Дороже такой дом не продать, тени воспоминаний дороги только мне. Накопившаяся усталость вылилась в желание поскорее закончить и вернуться в настоящее. К размеренной жизни, из которой пришлось вынырнуть ради этой затеи с продажей. Теперь воспоминания лежали мертвым грузом, тяготили, изматывали, возвращая к себе, заставляя платить по счетам. И даже буквально.
– Двести.
Ужасно болела голова. Весна щедро дарила контрасты: жара, холод и снова жара. Солнечные зайчики скакали по стенам, разносили тепло. Капель за окном и звон ручьев возвращали в детство. Хорошо, что тогда починили эту крышу, а то пришлось бы значительно уступить в цене.
– Двести тридцать.
Вдруг в коридоре послышался грохот. Мы одновременно обернулись. Вихрь? Нет – маленькая девочка в ярко-желтой курточке промчалась мимо меня к матери.
– Вита!
Шапка девочки слегка сбилась набок. Резиновые сапожки были сплошь облеплены грязью. Цапля, извиняясь, впервые улыбнулась мне.
– Ну, что это такое! Ты опять вся извозилась…
– Мама, я накрыла стол! Ты посмотришь? – Девочка потянула мать на улицу, но та не успела ответить. Девочка уже огляделась. – А мы тут будем жить?
– Думаю, да. Тебе нравится? Хочешь, здесь будет твоя комната?
Девочка осмотрелась внимательно. Почти со взрослой серьезностью прошлась по квартире, заглянула во все ниши и уголки. А я с интересом наблюдала за ней.
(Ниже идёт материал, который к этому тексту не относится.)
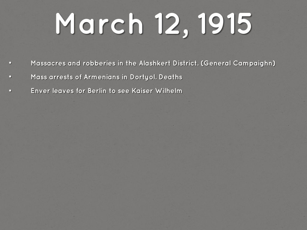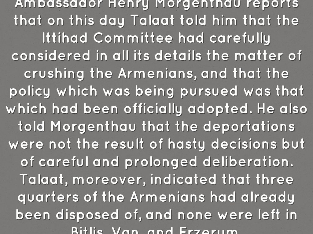Ambassador Henry Morgenthau reports that on this day Talaat told him that the Ittihad Committee had carefully considered in all its details the matter of crushing the Armenians, and that the policy which was being pursued was that which had been officially adopted. He also told Morgenthau that the deportations were not the result of hasty decisions but of careful and prolonged deliberation. Talaat, moreover, indicated that three quarters of the Armenians had already been disposed of, and none were left in Bitlis, Van, and Erzerum.
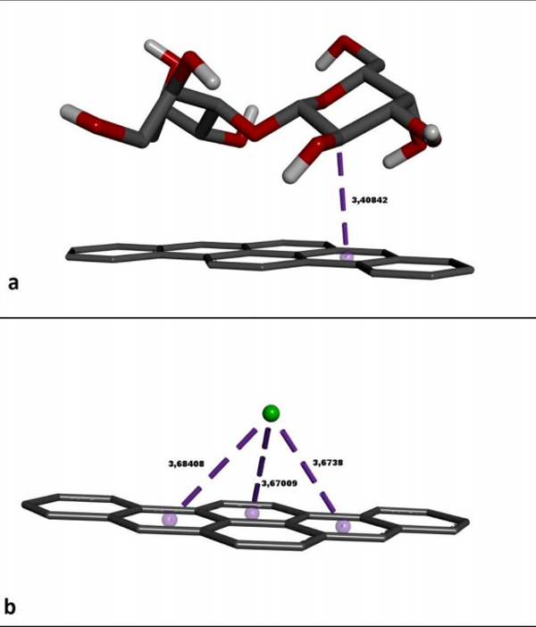 在這項(xiàng)研究中,進(jìn)行了分子對(duì)接以檢查活性炭與乳糖以及離子:鈣的原子間相互作用。如圖2a所示,乳糖分子在其結(jié)構(gòu)中的吡喃半乳糖環(huán)的第三個(gè)碳原子上與活性碳的六角碳環(huán)形成一個(gè)疏水π-σ接觸。雖然這種非鍵合接觸的長度為3.40Å,但乳糖與活性炭的結(jié)合自由能是有利的。鈣(Ca+2)離子與三個(gè)相鄰的活性炭六角碳環(huán)形成三個(gè)鍵相互作用(圖2b)。
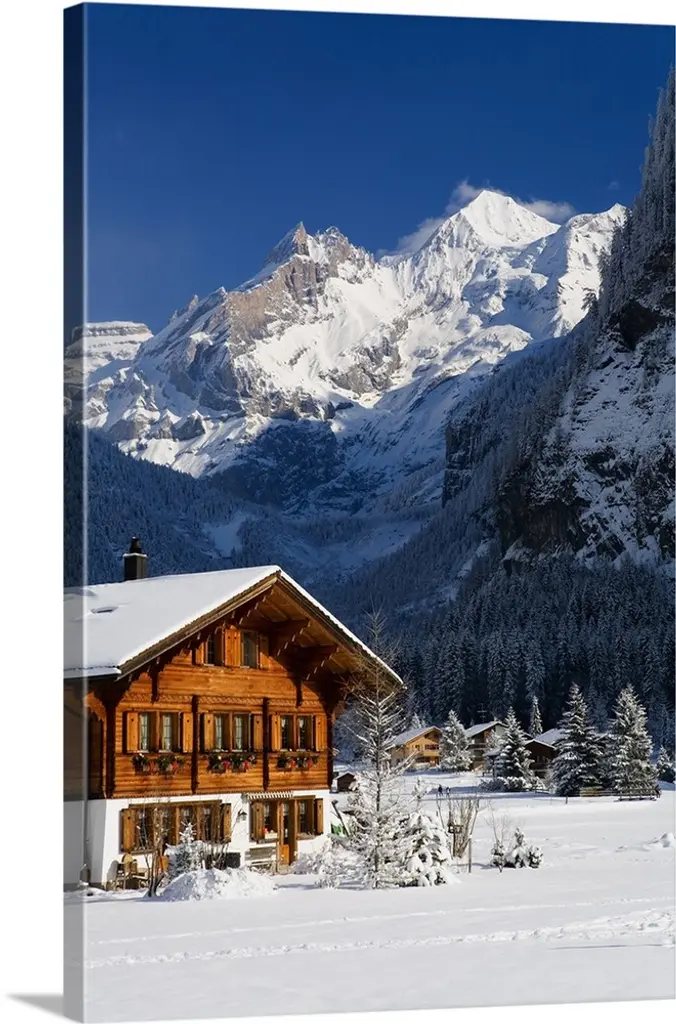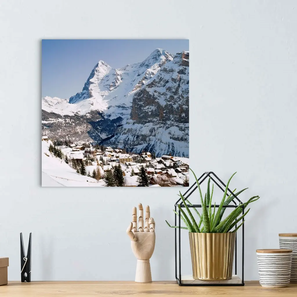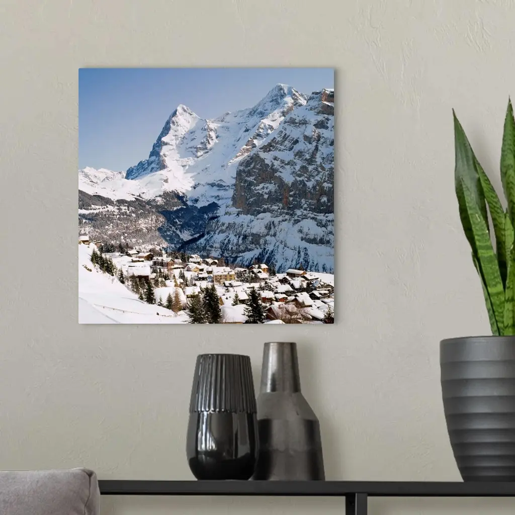 Switzerland, Bern, Murren village, view towards Eiger and Monch mountains wall art for home and office decor. Discover canvas art prints, photos, mural, big canvas art and framed wall art in GreatBigCanvas.com's varied collections.
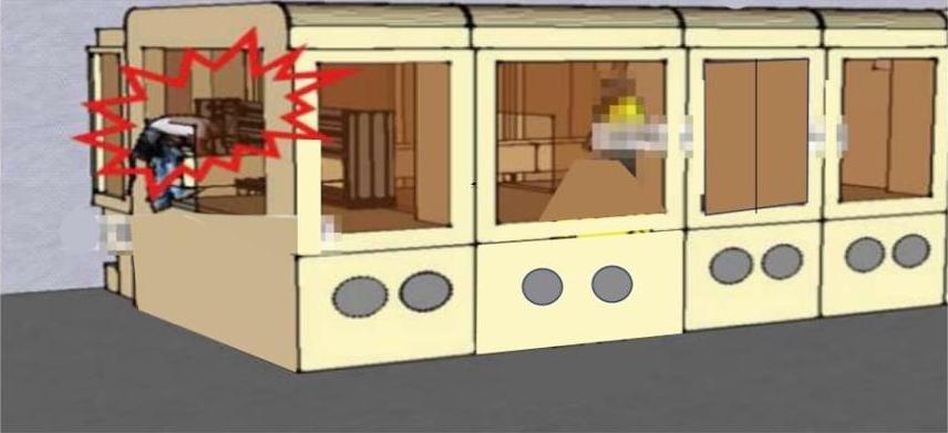 ![]() | 예방대책 ● 살미기에 출입한글 살시킨 경우 출입 개시 살미가 자동정지 하도록 하는 안전장치(인터록, 안전플러그 등)를 설치하고, 항상 무효화 되지 않도록 철저하게 관리 합니다. |
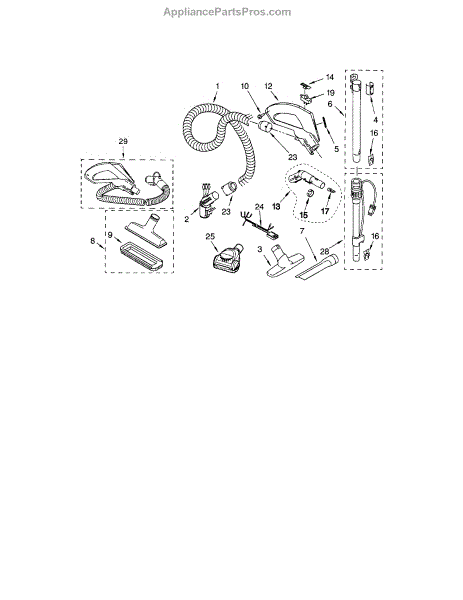 Parts for Kenmore 116.26312605 (11626312605, 116 26312605): Hose And Attachment Parts
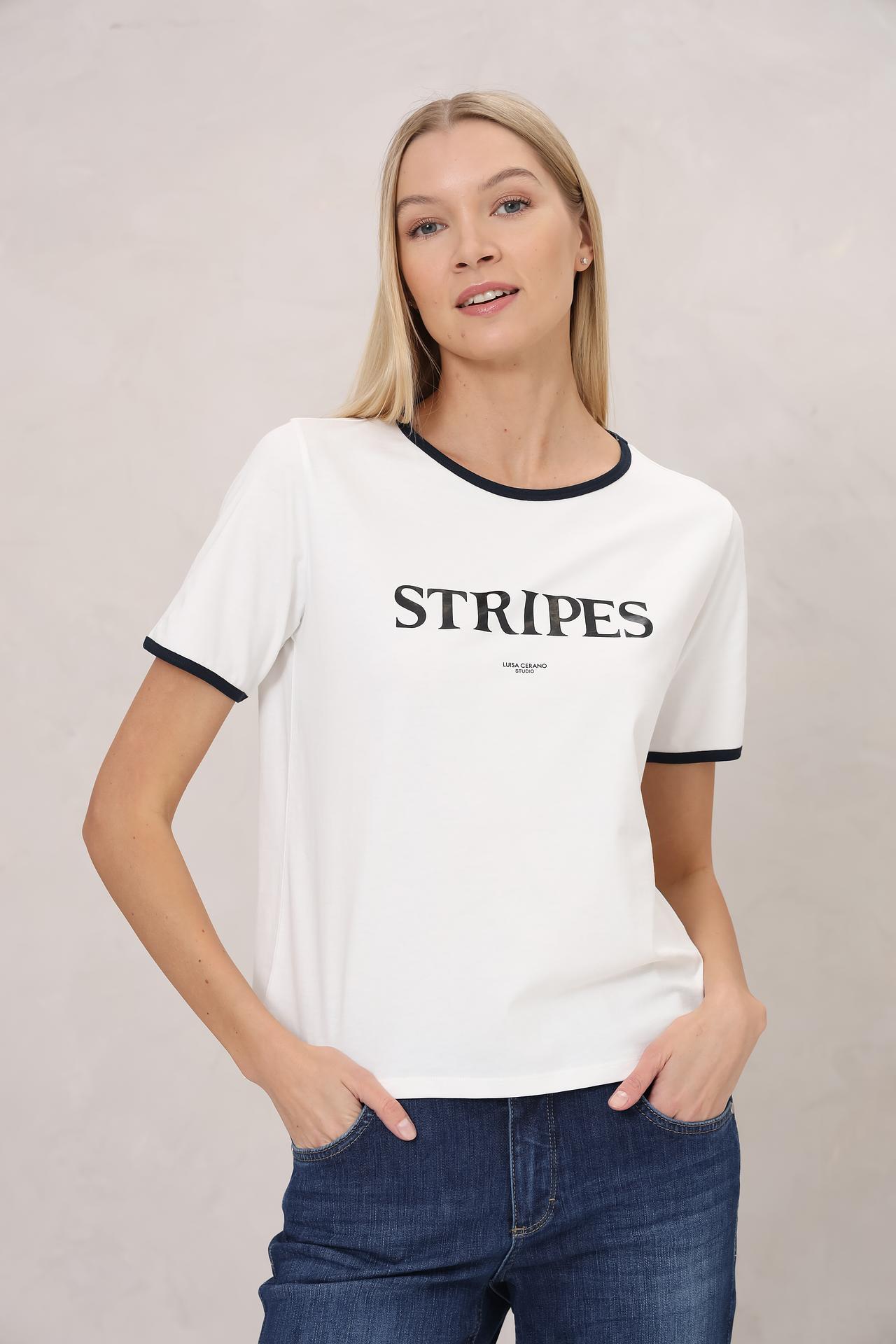 Футболка Luisa Cerano белая с надписью STRIPES и контрастной отделкой
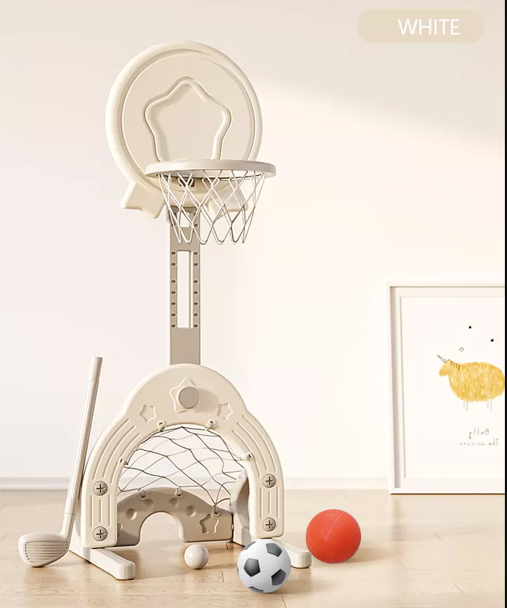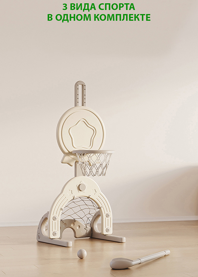 - В комплекте стойка баскетбольная, луза, ворота футбольные с ячейкой для гольфа, мяч 2 шт, мяч для гольфа, клюшка для гольфа
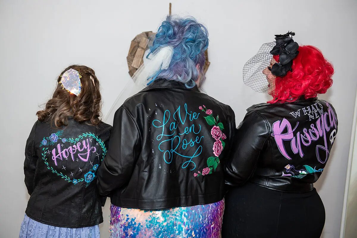 We are both wedding suppliers so we put a lot of our own touches into the day. Stu did an illustration which we used on the invites, I also hand-painted biscuits, we made activity books (which also worked as place settings), we had tea towel favours, and I painted some leather jackets for my ‘best wummin’.
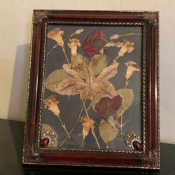 VINTAGE ORNATE BURGUNDY GOLD ANTIQUED FRAMED VICTORIAN PRESSED FLOWER JEWELRY EMBELLISHED PICTURE ART DECOR DISPLAY$30San Tan Valley, AZ

Пустая форточка вдруг подмигнула звеняще-чистым небесно-голубым, пропуская свежее весеннее дыхание. Тихо, еще несмело, шелохнулось крыло бабочки, оживающей в солнечном луче. Веселилась капель, и, словно следуя ее зову, девочка выглянула из того самого окна:
– Ой, мой пир видно прямо отсюда! Мама, смотри!
Солнечные зайчики пропали, похолодало. Прощально скрипнула дверь, в тысячный раз ключ совершил два плавных оборота до тихого щелчка. В последний раз. Мы спустились. Весна разогретым воздухом пыталась пробраться в подъезд сквозь открытую дверь, но пока она не набрала сил и скромно топталась у входа. Знакомо, привычно и совершенно обычно. Цапля щебетала - в говорливости она могла поспорить с недавно прилетевшими пуночками. Шпильки едва касались ступенек.
– …не много ли тут собак? А строители, знаете, кто мог бы…? Я думаю, здесь мы не обойдемся без…
Девочка убежала, не дождавшись нас. Я отвечала, иногда теряясь и путаясь, но испытывая в конечном итоге облегчение и даже некую радость.
– Давайте решим все формальности на следующей встрече?
– Да, конечно.
Маленький, такой знакомый двор, способный растягиваться до невероятных размеров, вмещать в себя и звезды, и высокое небо, большие и маленькие мечты, уменьшился окончательно и почему-то вдруг стал совершенно незнакомым. Взгляд остановился на большом березовом пне под чьим-то окном, где разномастными кучками стояли пышные снежно-грязевые куличи. Знаешь такие окна в старых домах, из которых видно счастье? Я знаю.